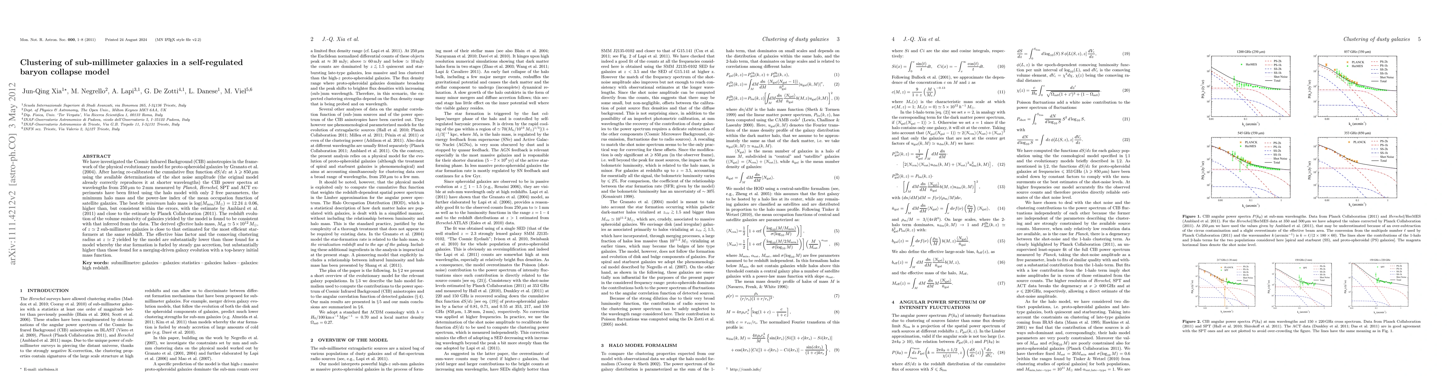 This study investigates Cosmic Infrared Background (CIB) anisotropies using a self-regulated baryon collapse model, finding a best-fit minimum halo mass of $12.24 \pm 0.06 \times 10^{12}\,M_\odot$ for $z\simeq 2$ sub-millimeter galaxies, which aligns with efficient star-forming galaxies. The model's clustering properties differ significantly from steady gas accretion and merging-driven evolution scenarios.
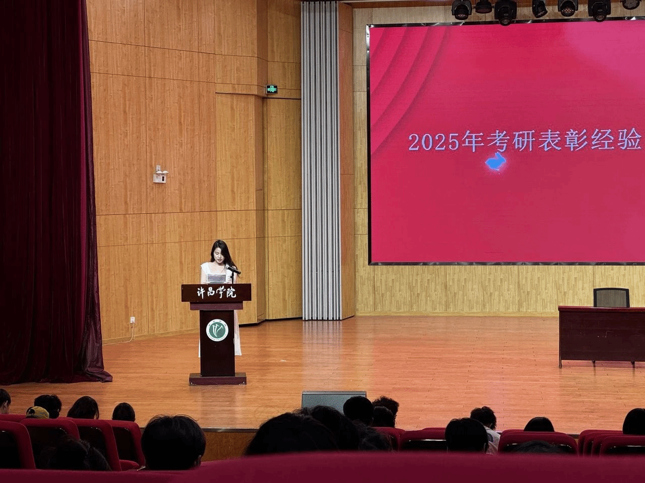 颁奖环节结束后,三位优秀考研学生代表上台分享经验。考取陕西师范大学的刘滢楠。她特别提到,考研是一场持久战,不仅需要扎实的知识储备,更要有坚定的信念和顽强的毅力。希望大家明确目标,坚持到底,相信付出终有回报。
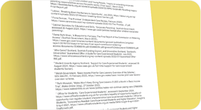 CARE AND LEARNING IN HIGHER EDUCATION ENDNOTES 1 Josh MacAlister, ‘The Independent Review of Children’s Social Care: Final Report’ (Department for Education, May 2022), https://webarchive.nationalarchives.gov.uk/ukgwa/20230308122535mp_/https://childrens socialcare.independent-review.uk/wp-content/uploads/2022/05/The-independent-review- of-childrens-social-care-Final-report.pdf. 2 APPG for Care-Experienced Children and Young People, ‘Inquiry on extending corporate parenting responsibilities across the public sector: Final report’, March 2024, https://becomecharity.org.uk/content/uploads/2024/03/APPG-Corporate-Parenting-Inquiry- Final-Report.pdf 3 Labour, ‘Breaking down the Barriers to Opportunity’, July 2023, https://labour.org.uk/wp- content/uploads/2023/07/Mission-breaking-down-barriers.pdf. 4 Fiona Duncan, ‘The Promise’ (Independent Care Review, February 2020), https://www.carereview.scot/wp-content/uploads/2020/03/The-Promise_v7.pdf. 5 Cabinet Secretary for Education and Skills, ‘Corporate Parenting’, Scottish Government, accessed 30 August 2024, https://www.gov.scot/policies/looked-after-children/corporate- parenting/. 6 Dame Ruth Silver, ‘A Blueprint for Fairness: The Final Report of the Commission on Widening Access’ (Scottish Government, March 2016), https://www.gov.scot/binaries/content/documents/govscot/publications/progress- report/2016/03/blueprint-fairness-final-report-commission-widening- access/documents/00496619-pdf/00496619-pdf/govscot%3Adocument/00496619.pdf. 7 Who Cares? Scotland, Scottish Funding Council, and Universities Scotland, ‘Scotland’s Universities’ Guaranteed Offer: A Guide for Care Experienced Students’, July 2022, https://www.whocaresscotland.org/wp-content/uploads/2022/07/Guaranteed-Offer- RM.pdf. 8 Student Awards Agency Scotland, ‘Support for Care Experienced Students’, accessed 30 August 2024, https://www.saas.gov.uk/full-time/support-for-care-experienced- students/bursary. 9 Welsh Government, ‘Basic Income Pilot for Care Leavers: Overview of the Scheme | GOV.WALES’, 15 February 2023, https://www.gov.wales/basic-income-pilot-care-leavers- overview-scheme. 10 Ruth Mosalski, ‘Wales Won’t Keep Giving Care Leavers £1,600 a Month in Basic Income Trial’, Wales Online (blog), 27 October 2023, https://www.walesonline.co.uk/news/politics/wales-not-continue-paying-care-27990859. 11 Office for Students, ‘Care Experienced Students’, accessed 2 September 2024, https://www.officeforstudents.org.uk/for-providers/equality-of-opportunity/equality-of- opportunity-risk-register/student-characteristics/care-experienced-students/; Office for Students, ‘Consistency Needed: Care Experienced Students and Higher Education’, Insight 8, 9 April 2021, https://www.officeforstudents.org.uk/media/5919/insight-8-april-2021- finalforweb.pdf. 12 Office for Students, ‘Consistency Needed: Care Experienced Students and Higher Education’. 13 MacAlister, ‘The Independent Review of Children’s Social Care: Final Report’. 14 Office for Students, ‘Care Experienced Students’. 15 Office for Students, ‘Consistency Needed: Care Experienced Students and Higher Education’. 67
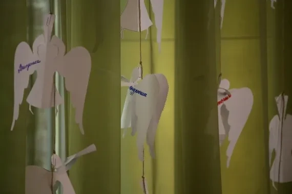 Родителям ушедших детей раздают бумагу. Из нее они вырезают ангелов. Подписывают именами своего ребенка.
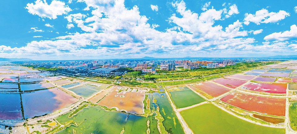 6月28日,運城市中心城區(qū),藍天白云與七彩鹽湖交相輝映,美不勝收。近年來,運城市緊緊圍繞綠色發(fā)展理念,加強鹽湖生態(tài)資源的保護和修復(fù),將鹽湖打造成生物多樣的生態(tài)空間、風光旖旎的旅游目的地、愜意舒心的居民休憩地。(陳方斌攝)

——————————

● What is being asked:
Everything from the first line of the listing above through the line that contains "颁奖环节结束后,三位优秀考研" is to be restated word for word, minus the pictures.

● Task solution:
 This study investigates Cosmic Infrared Background (CIB) anisotropies using a self-regulated baryon collapse model, finding a best-fit minimum halo mass of $12.24 \pm 0.06 \times 10^{12}\,M_\odot$ for $z\simeq 2$ sub-millimeter galaxies, which aligns with efficient star-forming galaxies. The model's clustering properties differ significantly from steady gas accretion and merging-driven evolution scenarios.
 颁奖环节结束后,三位优秀考研学生代表上台分享经验。考取陕西师范大学的刘滢楠。她特别提到,考研是一场持久战,不仅需要扎实的知识储备,更要有坚定的信念和顽强的毅力。希望大家明确目标,坚持到底,相信付出终有回报。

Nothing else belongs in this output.